• [Work item]
Write out exactly the lines below starting at the one containing "Saudi Ambassador Amir" and ending at the one containing "Smoke stacks". Omit every picture.

*** Begin section ***

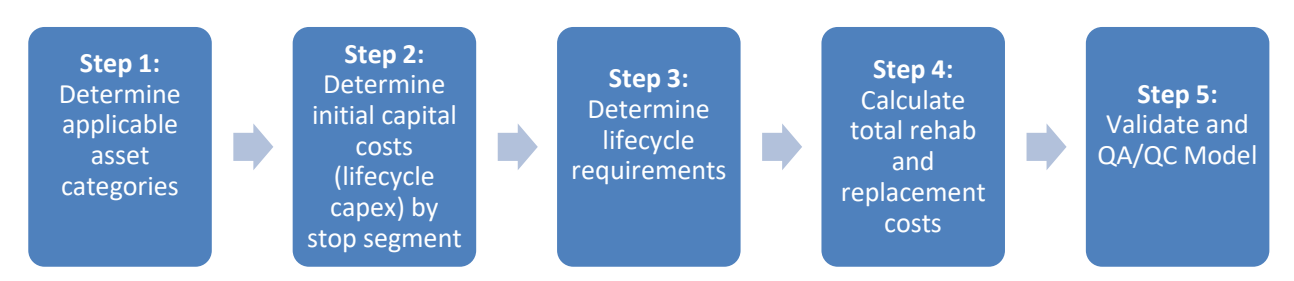
Figure 2 Development of Rehabilitation and Replacement Costs

The team took the following steps (Figure 2) to develop a 50-year forecast of rehabilitation and replacement costs.
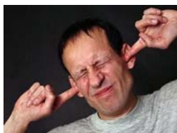
Strange Trick Reverses Hearing Loss In Just 120 Seconds?!
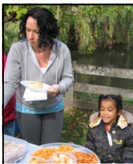
Thanksgiving at Canatara Park
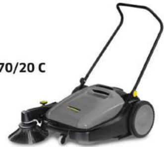
KM 70/20 C
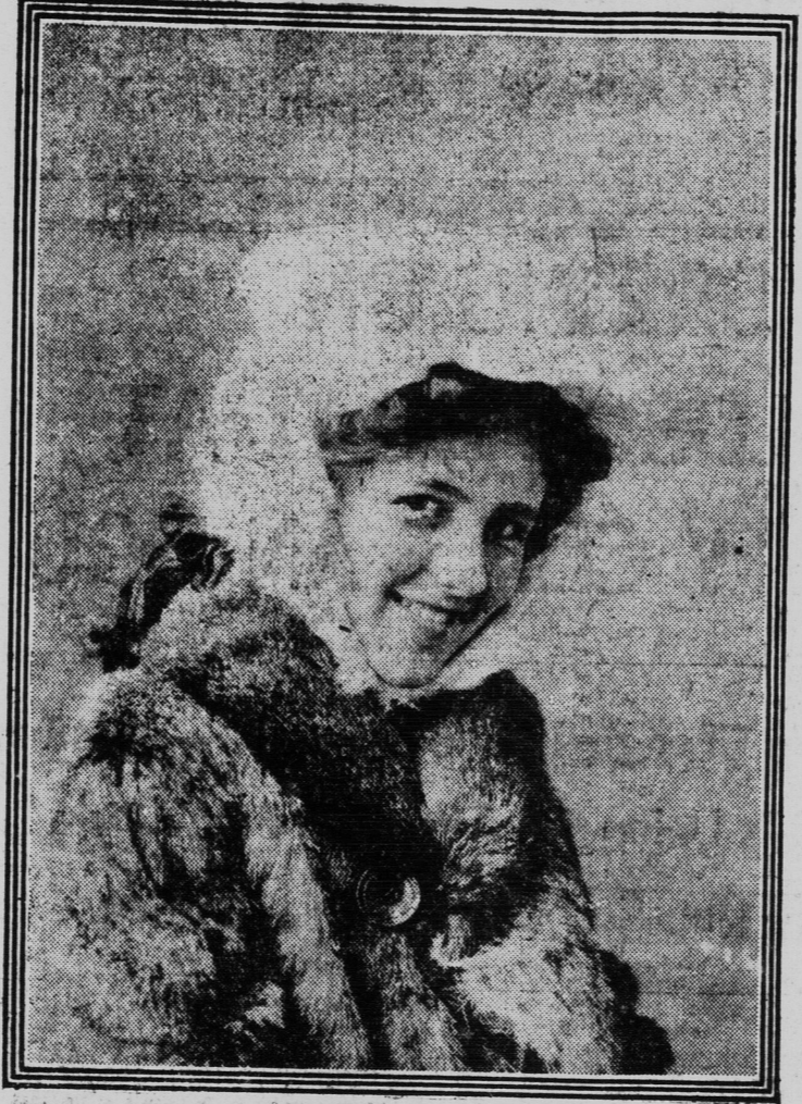
THIS LITTLE GIRL CAME IN A MOTOR. The small maid who motors to dancing class and party there is provided warm coats of the less expensive fur.
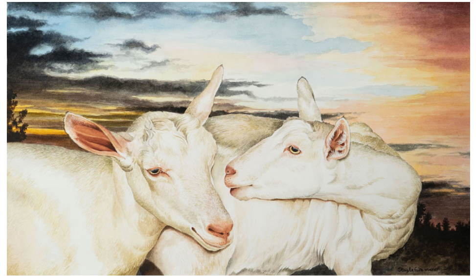
Sunset on the mountain Watercolour 25 x 42.5cm | $1,500
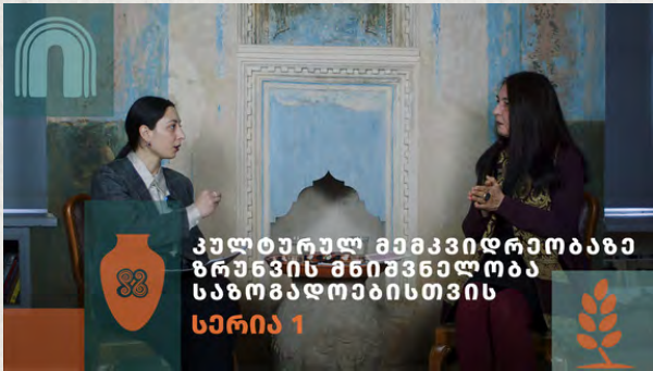
Episode 1-The importance of preserving cultural heritage for society

This project marked the NTG’s first attempt to raise awareness through the podcast format, aiming to engage a broad audience in cultural heritage issues and encourage active participation in its preservation and development. The podcast series can be found on NTG’s YouTube channel.
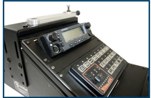
Part # C-EB30-MMT-1P-A shown
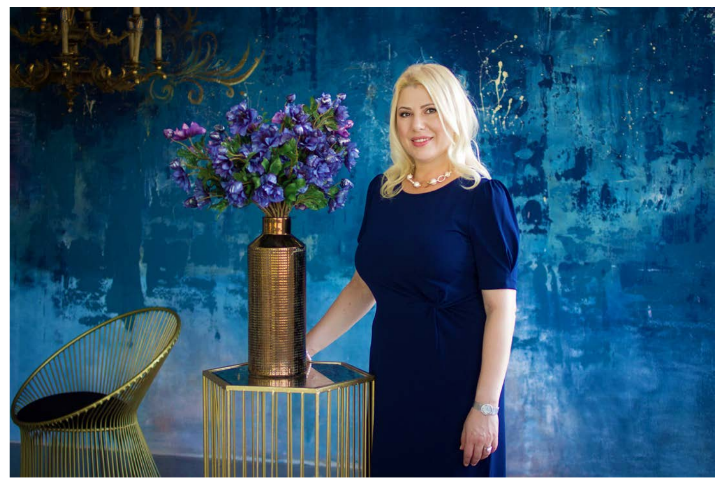
Susan Polgar.

I like to say the only constant in life is change. Every single move on the chess board can change the dynamic of the game. You need to realize how those changes affect the overall picture on the board and constantly adjust to those changes. Chess trains young people to
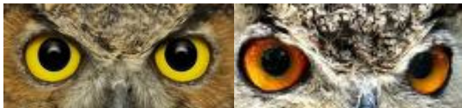
Owl eye colours

Owls see in the same way that humans do, with both eyes straight ahead. This is called binocular vision and enables the bird to judge distances accurately. Their eyes have adapted to
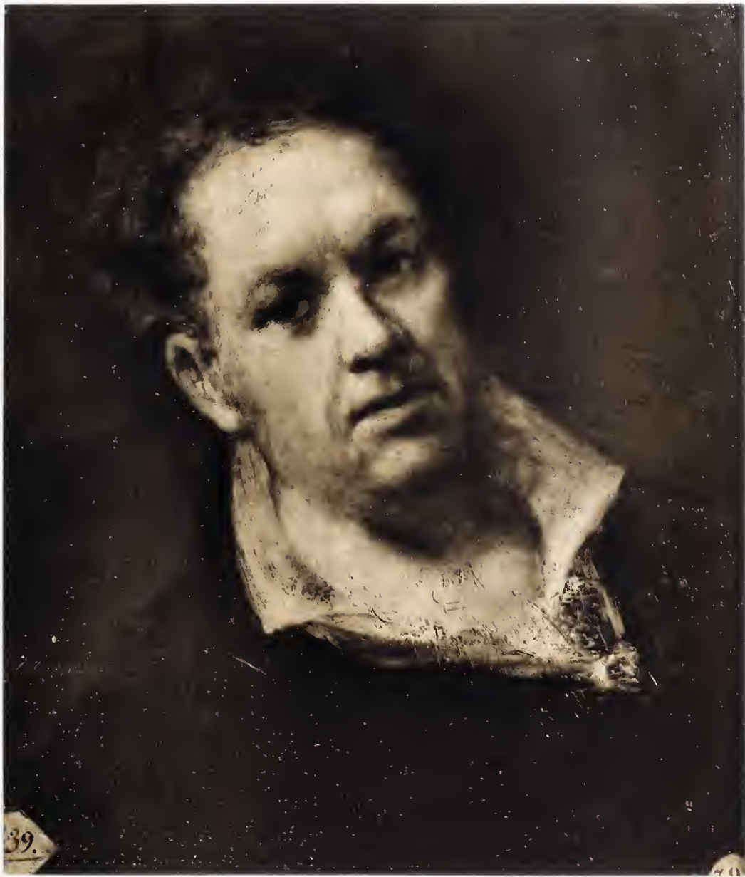
GOYA IN 1815. SELF-PORTRAIT
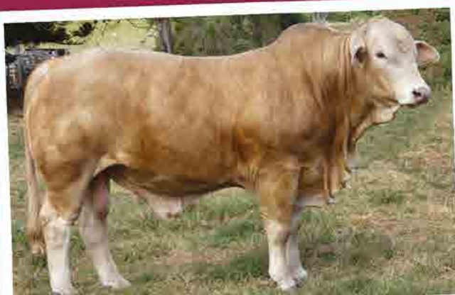
LOT 67: Kandanga Valley Tuxedo (P)
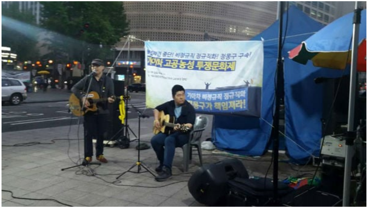
Musician supporters on the ground playing music in solidarity with the roof-top sit-in.
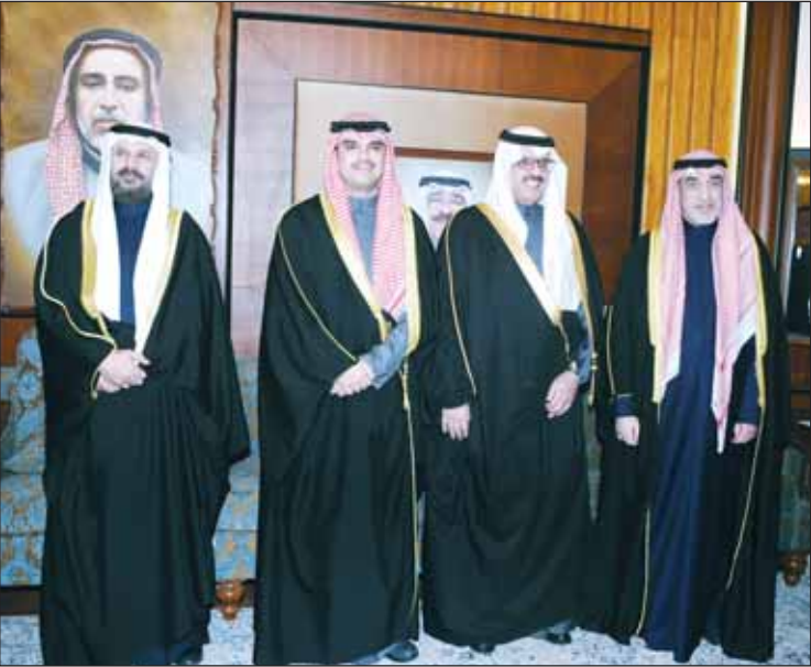
Saudi Ambassador Amir Sultan bin Saad congratulating.
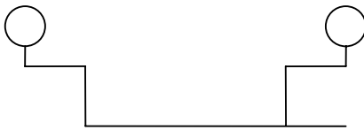
Figure 3: Artificial increase in feeder length.

It is also possible to have one railway substation placed at a distance with a feeder length of several kilometres, while the other one is placed directly on a railway. This leads to the currents of the substation with a shorter feeder length to be always greater than the currents of the substation with a longer feeder. In order to compensate the currents it is possible to artificially increase the length of a feeder on the substation which is “too close” to the railway (Figure 3).
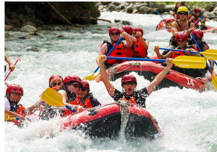
WHITE WATER RAFTING

DON'T MISS OUT: SIGN UP BY 25TH September!
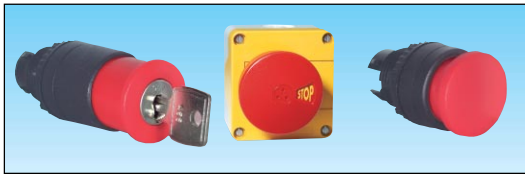
EMERGENCY STOP PUSHBUTTONS & ASSEMBLIES Pages 1758-1761
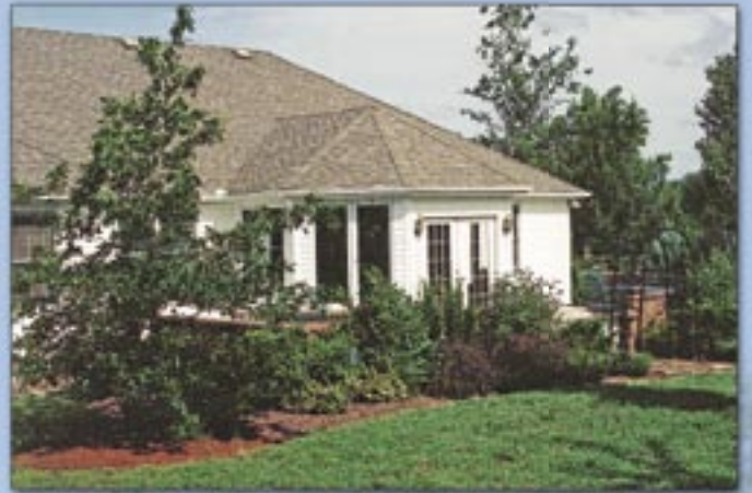
The sunroom creates an intermediary stage between the home and the outdoors. Its large casement windows provide a stunning view.
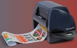
GERBER EDGE Series Thermal Transfer Printers
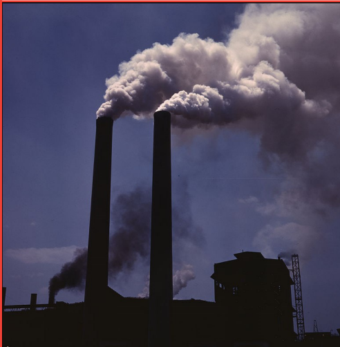
Smoke stacks

CEQ defines the "human environment" as the natural and physical environment and the relationship of people with that environment. As a result, actions that only produce economic or social effects in the absence of environmental effects, do not require preparation of an EIS. There must be some type of environmental effect associated with the proposed action. Once the potential environmental impact is established, however, all ecological, aesthetic, historic, cultural, economic, social, or health impacts as interrelated with the natural or physical environmental effects must be considered in the EIS. Depending on the scope of the proposed action, the agency preparing an EIS may have to consider a complex matrix of effects.
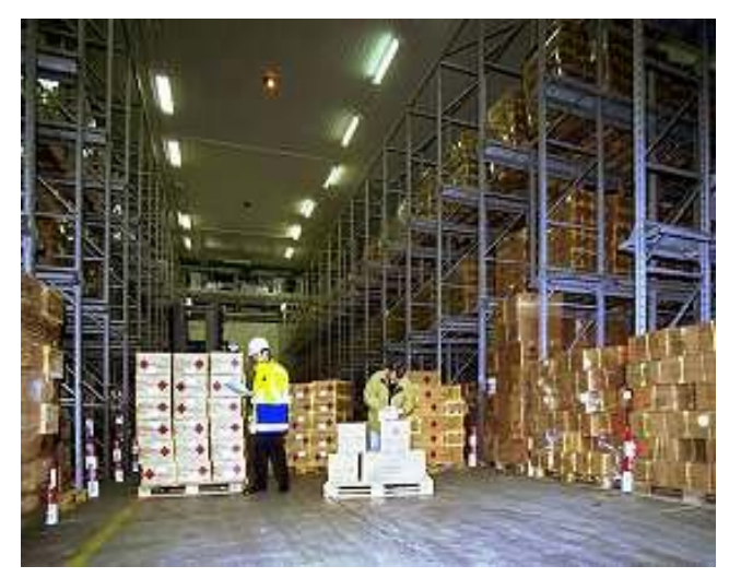
Photo 15. A distribution warehouse utilizing rack storage for imported 1.4G fireworks in Hamburg, Germany. No sprinkler system is apparent and the stacks of cartons on these pallets are not stabilized. Electrical systems do not appear to be explosion proof and motorized equipment is clearly used to move the pallets of fireworks. Distances from this building to other buildings and public areas is not known.

Photo 14. A warehouse full of 5" and 6" aerial fireworks shells in a Chinese warehouse await shipment to a European customer. Note the 1.4G classification and the various European language descriptions on the top carton of 5" aerial shells. These same aerial fireworks would be classified as 1.3G if shipped to the United States and other markets.
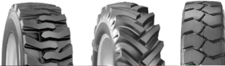
2WD Rear tyre:27x10-12
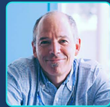
Marc Randolph First CEO of Netflix
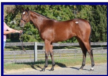
Street Sense—La La's Cookin 2016 filly

Next stop—Keeneland November next week, where we are going to raise the bar and shop for an in-foal mare for our Raise You LLC's who is a notch above what we've done in the past. A mare in the $75,000 range with the pedigree and covering sire power to produce a six-figure MD-bred weanling or yearling for our partners. Think fast, because these popular 2 year-and-out breeding partnerships are in demand!
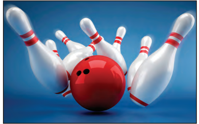
The Redding Rotary Bowl-A-Thon happens Saturday February 25th from 6:00 pm until 9:00 pm

The theme is "70's Tie-Dye", should be a blast!
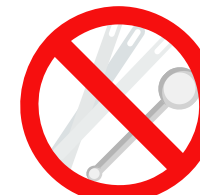
Single-Use Plastic Splash Sticks & Stirrers
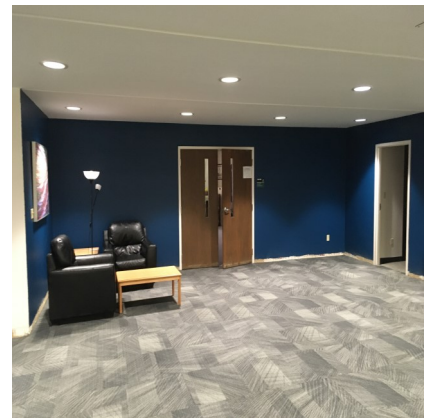
Owens Library Carpet & Paint
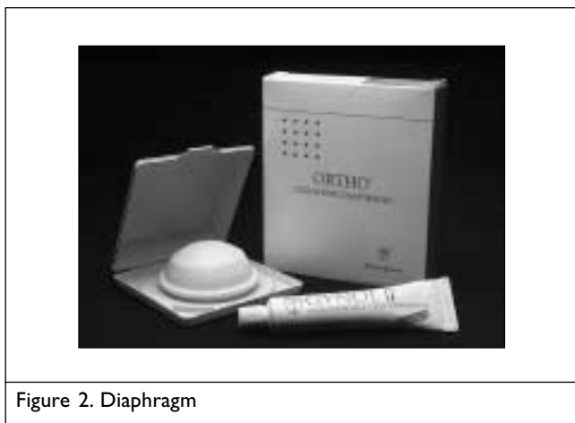
Figure 2. Diaphragm

Before a woman can successfully use the diaphragm or cervical cap, she will require detailed instructions for insertion, the opportunity to practise, and reassurance from the clinician. Reinforcement of the correct procedures is valuable, as are tips to becoming more comfortable with one's body. Providing information about the menstrual cycle will help women use their barrier method more effectively. Providing information
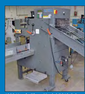
1996 Harris Rima Model RS10-S-9-1/4 Counter/Stacker
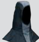
16 91 00
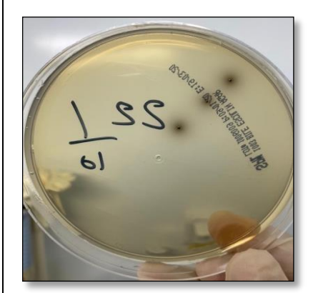
S7: BE agar showing few number of growing colonies of E. faecalis after application of Ca(OH)<sub>2</sub> (CFU2).
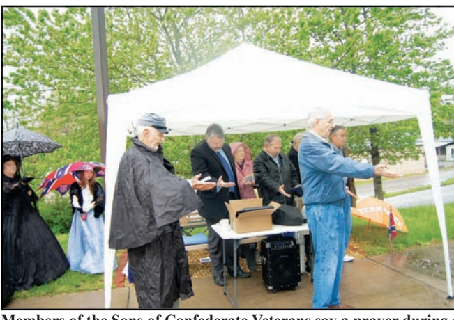
Members of the Sons of Confederate Veterans say a prayer during a rainy ceremony on Saturday remembering Confederate veterans of the War Between the States.

Union County Sole Commissioner Lamer Paris also proclaimed April as Confederate History and Heritage Month in Union
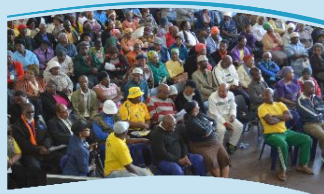
A large crowd gathered at the Mafatsane Multi-purpose hall in Evaton to commemorate the Vaal Uprising of 1984.

It is with the above assertions that the Sedibeng District Municipality, invited the people of Sedibeng to the memorial lecture in commemoration of this historic anniversary. This year's Commemoration was held under the theme, "Towards A Vaal Metropolitan River City".
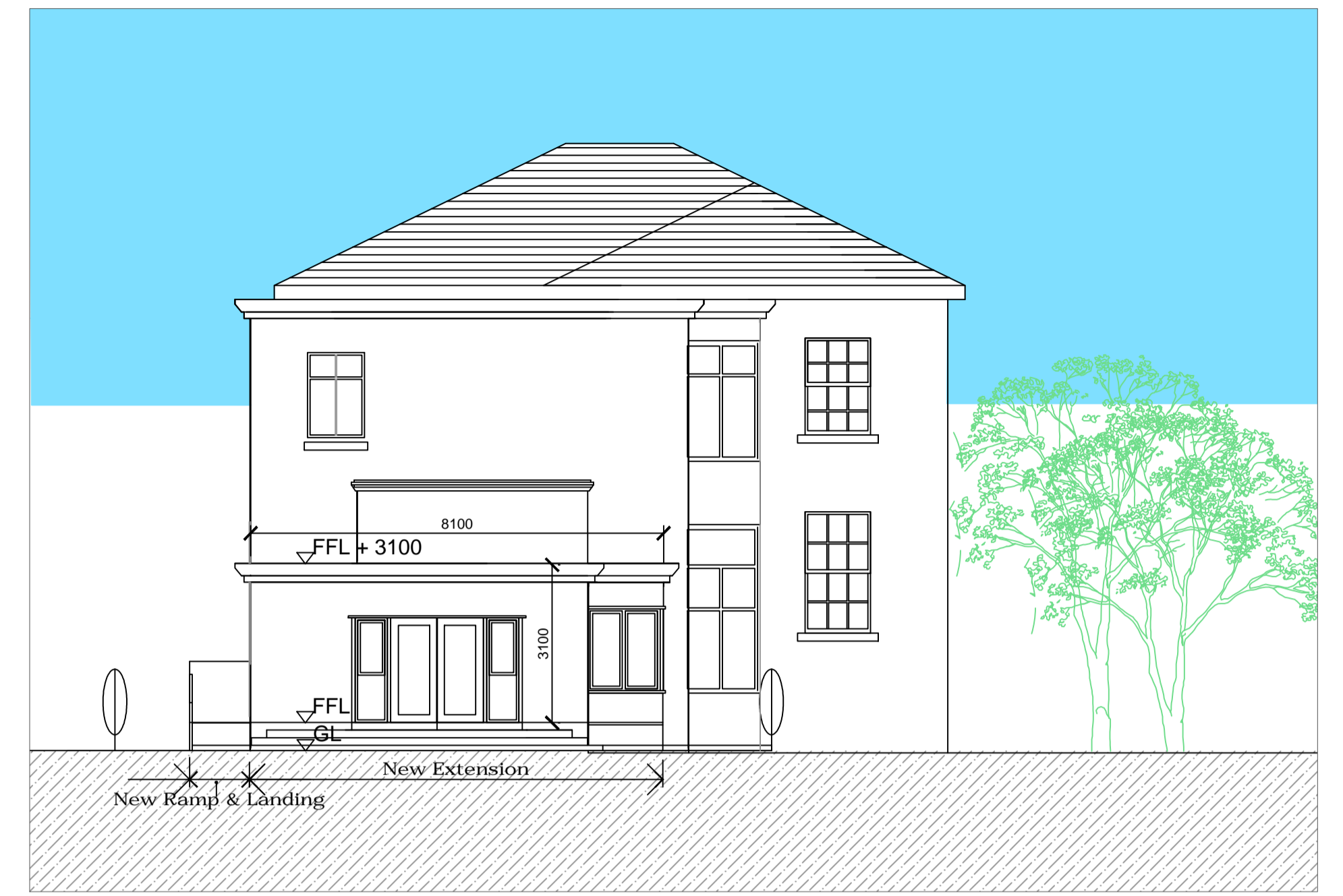
END (WEST) ELEVATION 1:100

*** End section ***

• [Answer to the exercise]
Saudi Ambassador Amir Sultan bin Saad congratulating.
Figure 3: Artificial increase in feeder length.

It is also possible to have one railway substation placed at a distance with a feeder length of several kilometres, while the other one is placed directly on a railway. This leads to the currents of the substation with a shorter feeder length to be always greater than the currents of the substation with a longer feeder. In order to compensate the currents it is possible to artificially increase the length of a feeder on the substation which is “too close” to the railway (Figure 3).
WHITE WATER RAFTING

DON'T MISS OUT: SIGN UP BY 25TH September!
EMERGENCY STOP PUSHBUTTONS & ASSEMBLIES Pages 1758-1761
The sunroom creates an intermediary stage between the home and the outdoors. Its large casement windows provide a stunning view.
GERBER EDGE Series Thermal Transfer Printers
Smoke stacks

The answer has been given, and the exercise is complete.